**Information shown**
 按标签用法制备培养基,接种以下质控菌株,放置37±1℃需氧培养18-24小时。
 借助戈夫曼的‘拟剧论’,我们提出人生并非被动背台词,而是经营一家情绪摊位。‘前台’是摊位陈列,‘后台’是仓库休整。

==

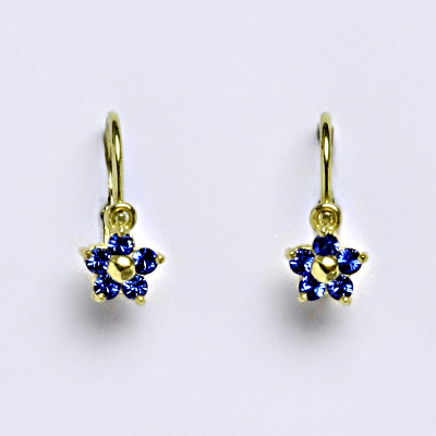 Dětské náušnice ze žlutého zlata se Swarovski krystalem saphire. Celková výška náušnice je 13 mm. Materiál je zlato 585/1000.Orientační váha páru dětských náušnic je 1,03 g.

**What this task involves**
In the entries above, restate word for word the lines between the one holding "按标签用法制备培养基,接种以下质控菌株,放置37±1℃需氧培养18-24小时。" and the one holding "借助戈夫曼的‘拟剧论’,我们", inclusive, and nothing besides.

**Problem solution**
 按标签用法制备培养基,接种以下质控菌株,放置37±1℃需氧培养18-24小时。
 借助戈夫曼的‘拟剧论’,我们提出人生并非被动背台词,而是经营一家情绪摊位。‘前台’是摊位陈列,‘后台’是仓库休整。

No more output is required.